Write out, exactly and only, the lines that run from the top of the records to the line with "軽量 防水iPhone/Android/Galaxy/OPPO/AQUOS/Xperia/iPadなど対応 (ピンク)". Include both ends; exclude pictures.
══════════════════════════════
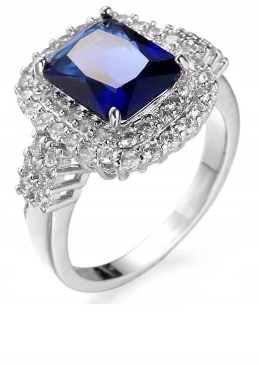 ✅Elegancki i niezwykle efektowny posrebrzany pierścionek z szafirowym kamieniem.
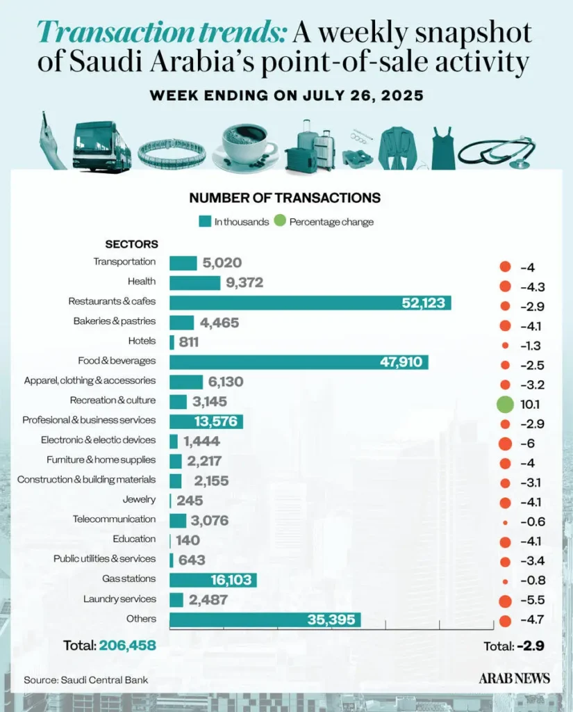 Despite the strong performance in education-related categories, overall POS transaction values declined. Total spending via POS terminals fell by 10.6 percent week on week to SR12.52 billion, while the number of transactions dropped 9.7 percent to 213.62 million.
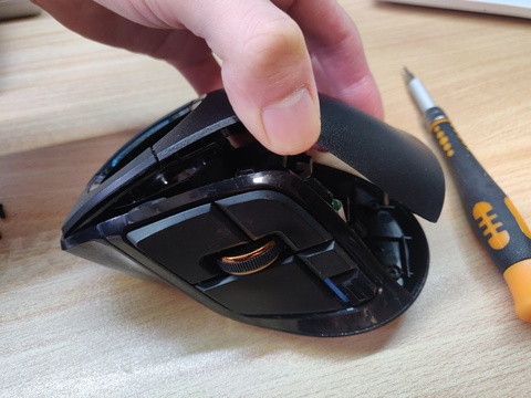マウスの先頭部分にはプラチックの差し込みがあるので後方から慎重に分解します。
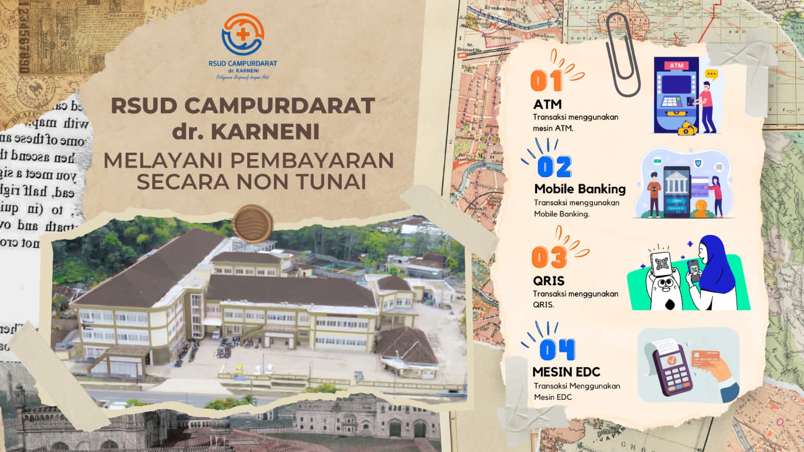 RSUD Campurdarat dr. Karneni juga bekerja sama dengan berbagai penyedia layanan pembayaran digital untuk memastikan transaksi dapat dilakukan dengan berbagai metode yang tersedia di masyarakat.
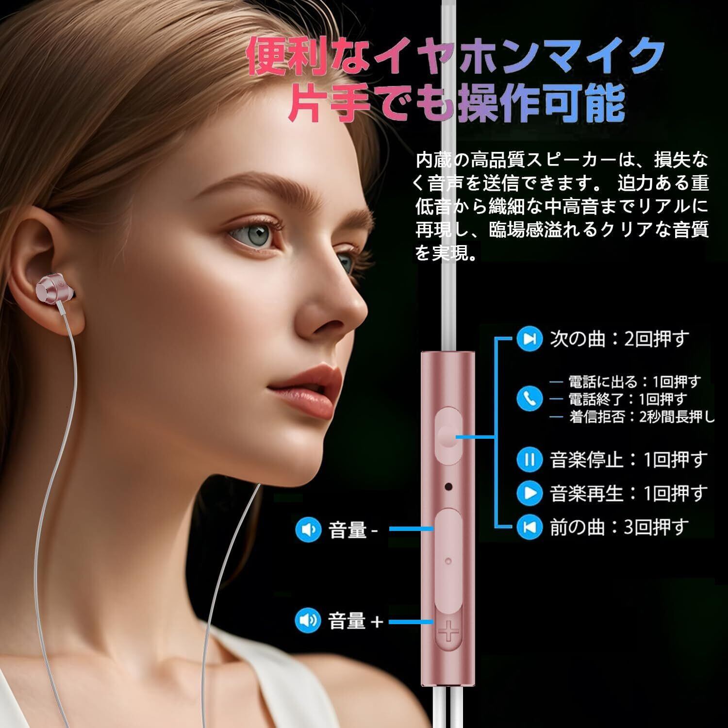 【2025改良新型モデル】Eikokiwa 有線 イヤホン 3.5mm 有線 イヤホン 内蔵マイク リモコン付き クリア通話 ハイブリッドノイズ遮断 重低音 磁気式 絡み防止 人間工学 快適な装着感 高遮音性 カナル型 音漏れ防止 軽量 防水iPhone/Android/Galaxy/OPPO/AQUOS/Xperia/iPadなど対応 (ピンク)
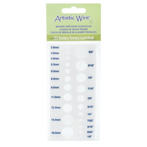 Met deze draw plate kan je de dikte van gevlochten of gebreide draad verkleinen door de draad door een steeds kleiner gat te halen.
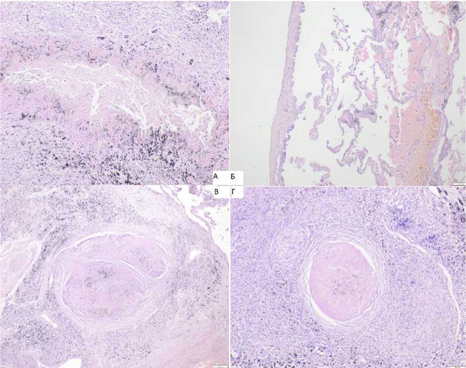 Figure 4. Pathohistological examination: А. Encapsulated focus of loose eosinophilic necrosis in the lung. There are deposits of charcoal pigment in the capsule and necrotic masses. Staining with hematoxylin and eosin. Magnification ×40. Б. Bullous emphysema of the lung. Staining with hematoxylin and eosin. Magnification ×40. В. Coniotic lesion in the lung. Staining with hematoxylin and eosin. Magnification ×100. Г. Conio-sis of the intrapulmonary lymph node. Staining with hematoxylin and eosin. Magnification ×100
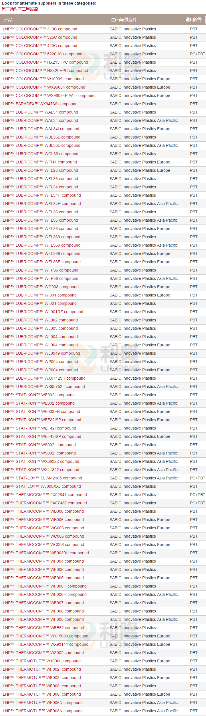 當前位置:塑料 >> 塑膠原料 >> PBT塑膠原料 >> 美國沙泊基礎LNP系列PBT塑膠原料
══════════════════════════════
REPLY:
 ✅Elegancki i niezwykle efektowny posrebrzany pierścionek z szafirowym kamieniem.
 Despite the strong performance in education-related categories, overall POS transaction values declined. Total spending via POS terminals fell by 10.6 percent week on week to SR12.52 billion, while the number of transactions dropped 9.7 percent to 213.62 million.
マウスの先頭部分にはプラチックの差し込みがあるので後方から慎重に分解します。
 RSUD Campurdarat dr. Karneni juga bekerja sama dengan berbagai penyedia layanan pembayaran digital untuk memastikan transaksi dapat dilakukan dengan berbagai metode yang tersedia di masyarakat.
 【2025改良新型モデル】Eikokiwa 有線 イヤホン 3.5mm 有線 イヤホン 内蔵マイク リモコン付き クリア通話 ハイブリッドノイズ遮断 重低音 磁気式 絡み防止 人間工学 快適な装着感 高遮音性 カナル型 音漏れ防止 軽量 防水iPhone/Android/Galaxy/OPPO/AQUOS/Xperia/iPadなど対応 (ピンク)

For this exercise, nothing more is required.